**PROBLEM DESCRIPTION:**
Would you transcribe only the lines below, from the one containing "18K Yellow Gold" through the end of the material, exactly and with no pictures?

**RECORDED DATA:**
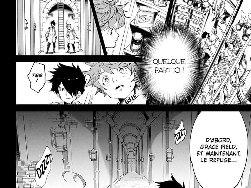 The Promised Neverland (Yakusoku no Neverland) est une série toujours en cours de parution au Japon et qui a connu vingt tomes aux éditions Shueisha. À Grace Field House, la vie ne pourrait pas être meilleure pour les orphelins ! Bien qu'ils n'aient pas de parents, avec les autres enfants et une gentille "Maman" qui s'occupe d'eux, ils forment une grande famille heureuse. Aucun enfant n'est jamais négligé, d'autant plus qu'ils ont tous été adoptés à l'âge de 12 ans. Leur quotidien est soumis à des tests rigoureux, mais ils sont ensuite autorisés à jouer à l'extérieur. Ils doivent obéir à une seule règle : ne pas quitter l'orphelinat. Mais un jour, Emma et Norman, deux des orphelins les mieux notés, s'aventurent derrière la porte et découvrent la réalité horrible qui les anime : ils sont tous du bétail et leur orphelinat est une ferme où est cultivé la nourriture pour une mystérieuse race de démons. Alors qu'il ne leur reste que quelques mois pour mettre en place un plan d'évacuation, les enfants doivent en quelque sorte changer leur destin. The Promised Neverland est une série plutôt unique dans un magazine comme le Weekly Shonen Jump. Bien sûr, il y a de jeunes protagonistes, de nombreuses scènes d'action et des éléments surnaturels qui abondent, mais il y a aussi un élément de thriller intense. Tout autant qu'un conflit a lieu mentalement comme physiquement.
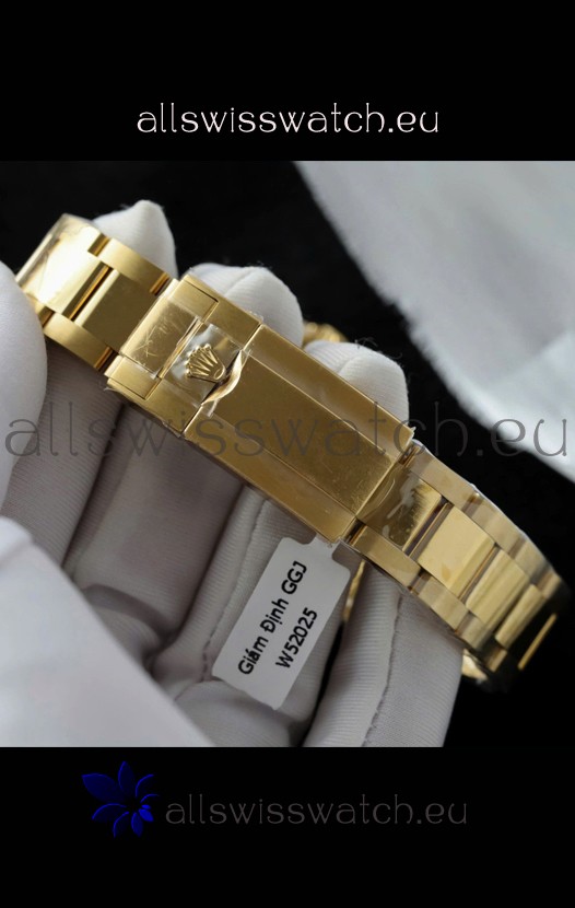 18K Yellow Gold Plating on 904 Solid Stainless Case with Rolex Markings and Engravings like the Authentic.
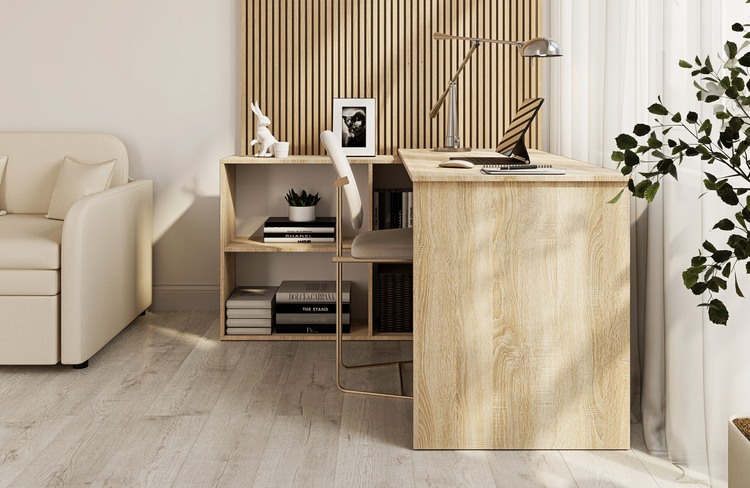 Pracovní stůl je praktickou volbou do studentského pokoje či kanceláře.Sestává ze samotného stolu a regálu předěleného na čtyři částí vyrobený z desky LTD v barvě dub sonoma.Dodáváme v demontovaném stavu.CASA 83193
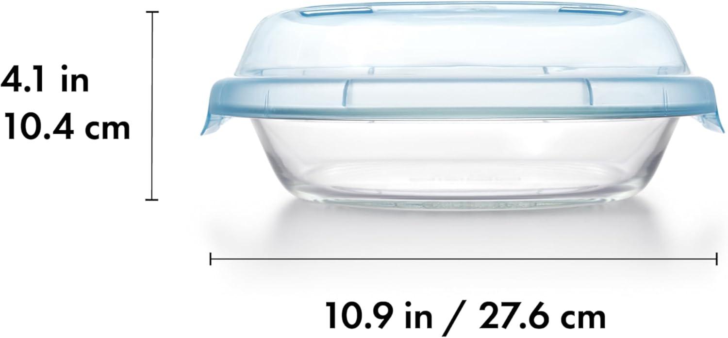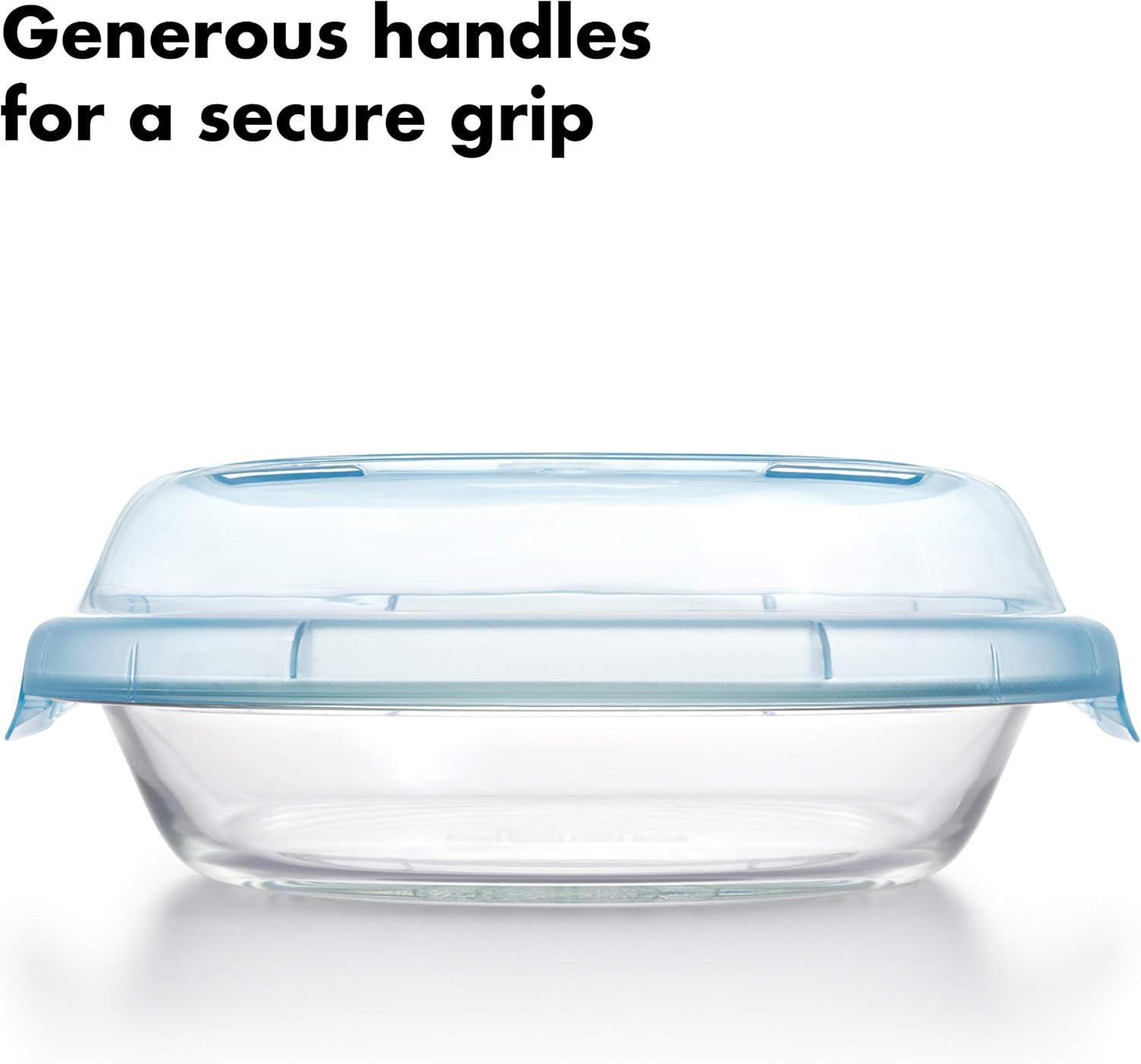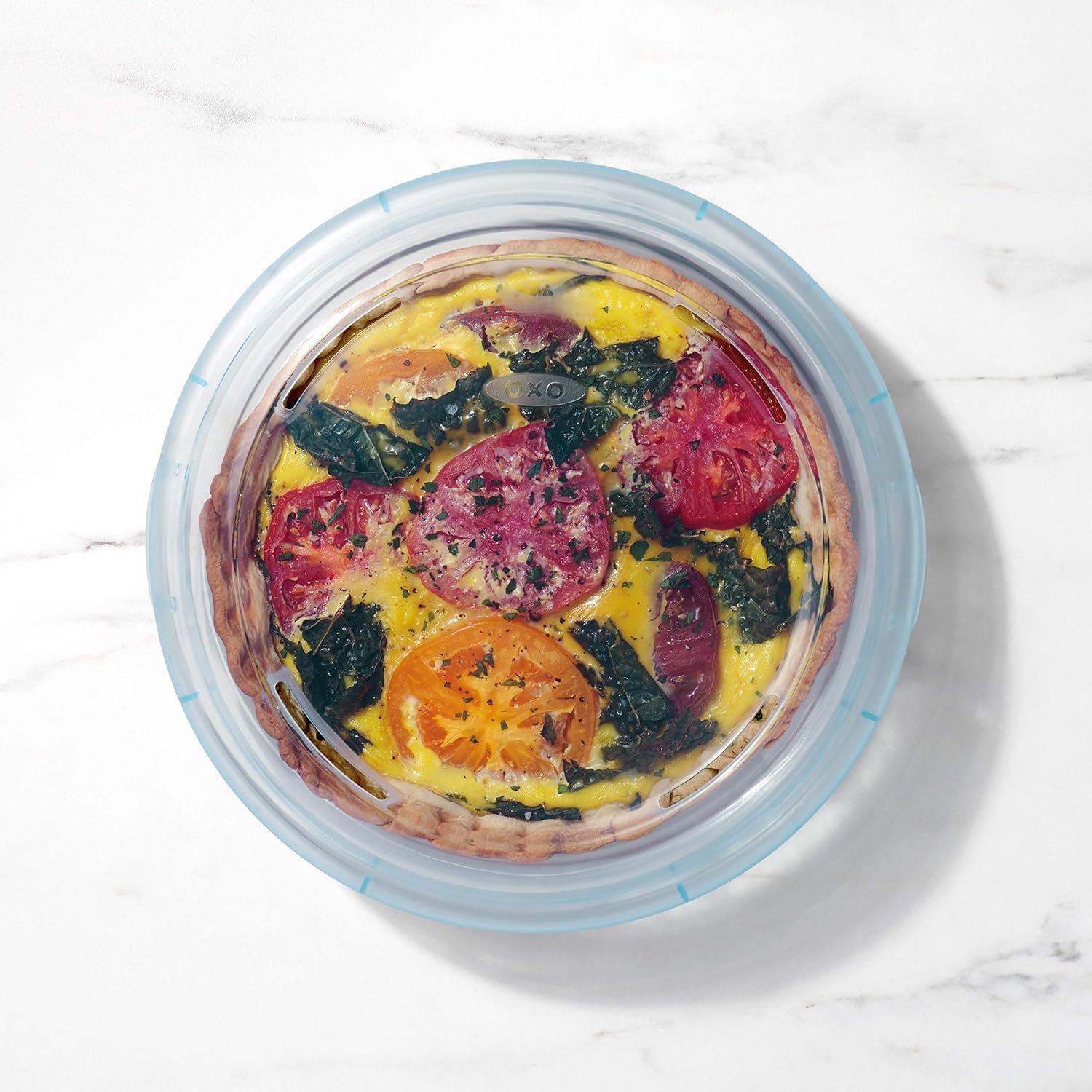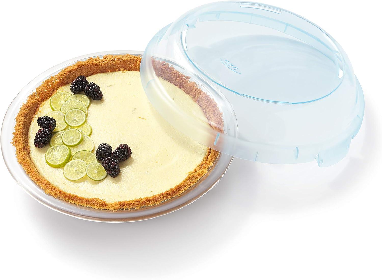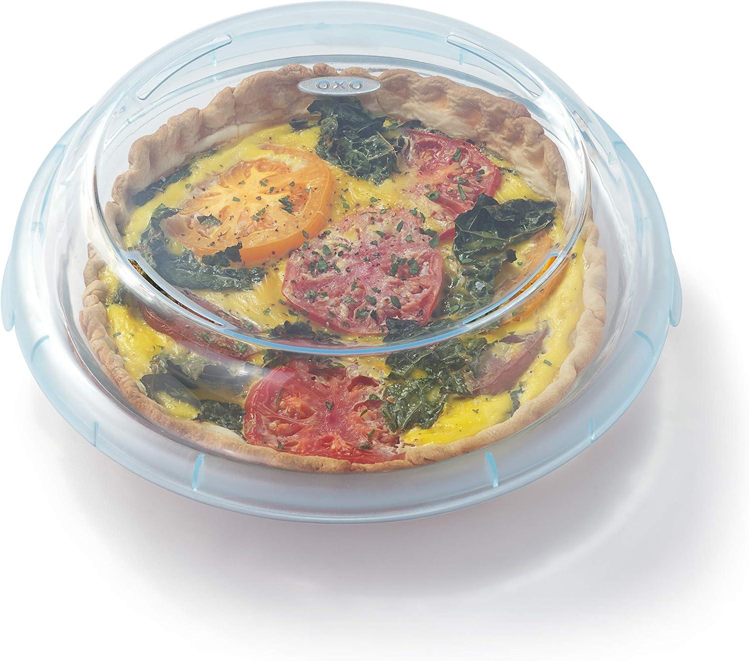 The OXO Good Grips Covered Pie Dish is made of borosilicate glass to allow transferring from oven or microwave to freezer. Comes complete with a translucent, BPA-free lid to help protect contents and prevent spilling when storing or on-the-go.

**ANSWER BOX:**
 18K Yellow Gold Plating on 904 Solid Stainless Case with Rolex Markings and Engravings like the Authentic.
 Pracovní stůl je praktickou volbou do studentského pokoje či kanceláře.Sestává ze samotného stolu a regálu předěleného na čtyři částí vyrobený z desky LTD v barvě dub sonoma.Dodáváme v demontovaném stavu.CASA 83193
 The OXO Good Grips Covered Pie Dish is made of borosilicate glass to allow transferring from oven or microwave to freezer. Comes complete with a translucent, BPA-free lid to help protect contents and prevent spilling when storing or on-the-go.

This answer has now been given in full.